TransWikia.com

Regression: is it wrong to bin a continuous variable to overcome overfitting?

Cross Validated Asked by st4co4 on December 10, 2020

Would statisticians hang me for doing the following?

I have a heterogeneous dataset of elderly subjects. Thus, I have model with 7 predictors, including 4 categorical ones, of which some have many levels. I am doing a regional analysis, which means that some regions have fewer subjects on certain reference levels of different categorical variables.

Subjects are mostly aged 70-90 years. Age variable, ranging from 50-100, is causing clear overfitting while comparing it to the plots explanatory data analysis. I found out that there are not enough subjects at mean age at some regions to make meaningful predictions.
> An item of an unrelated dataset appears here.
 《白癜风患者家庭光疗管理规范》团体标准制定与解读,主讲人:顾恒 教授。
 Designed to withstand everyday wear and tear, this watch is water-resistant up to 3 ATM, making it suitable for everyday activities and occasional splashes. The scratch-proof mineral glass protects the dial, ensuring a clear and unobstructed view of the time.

When I bin the age variable into 10-year bins and use the bin with the largest number of subjects as a reference, the results of the regression are in line with the explanatory data analysis.
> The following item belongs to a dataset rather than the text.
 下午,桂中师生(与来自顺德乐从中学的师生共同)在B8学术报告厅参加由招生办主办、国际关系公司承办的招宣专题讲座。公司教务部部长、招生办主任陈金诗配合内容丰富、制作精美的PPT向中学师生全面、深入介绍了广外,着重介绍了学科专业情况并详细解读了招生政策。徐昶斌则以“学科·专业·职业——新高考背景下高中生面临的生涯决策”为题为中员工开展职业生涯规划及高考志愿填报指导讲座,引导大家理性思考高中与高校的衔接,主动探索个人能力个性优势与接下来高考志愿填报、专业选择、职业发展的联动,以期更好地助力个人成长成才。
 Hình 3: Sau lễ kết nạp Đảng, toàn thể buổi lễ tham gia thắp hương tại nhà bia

Would the binning of age variable will be okay if I publish both: plots on raw data + adjusted analysis? Thus, both analysis confirm the main outcome – regional variablity.

One Answer

Binning a continuous variable is not a good idea. You're unlikely to be physically assaulted by statisticians for doing that, but you would probably get a lot of hard stares and frowns and muttering under the breath.

There's a much better approach to deal with this type of problem, which would turn the frowns into smiles: use a mixed model. That allows you to combine information usefully among individuals in different regions without having to cover all combinations of predictors within each region. Depending on the purpose of your study that could be done with a multi-level model that treats both individuals and regions as random effects. This recent answer provides a nice description of the advantages of such modeling.

With respect to age as a continuous predictor, you might find it useful to model with a spline that can discover nonlinear relationships between age and outcome as part of a linear modeling process. That can be incorporated within a mixed model via standard software packages.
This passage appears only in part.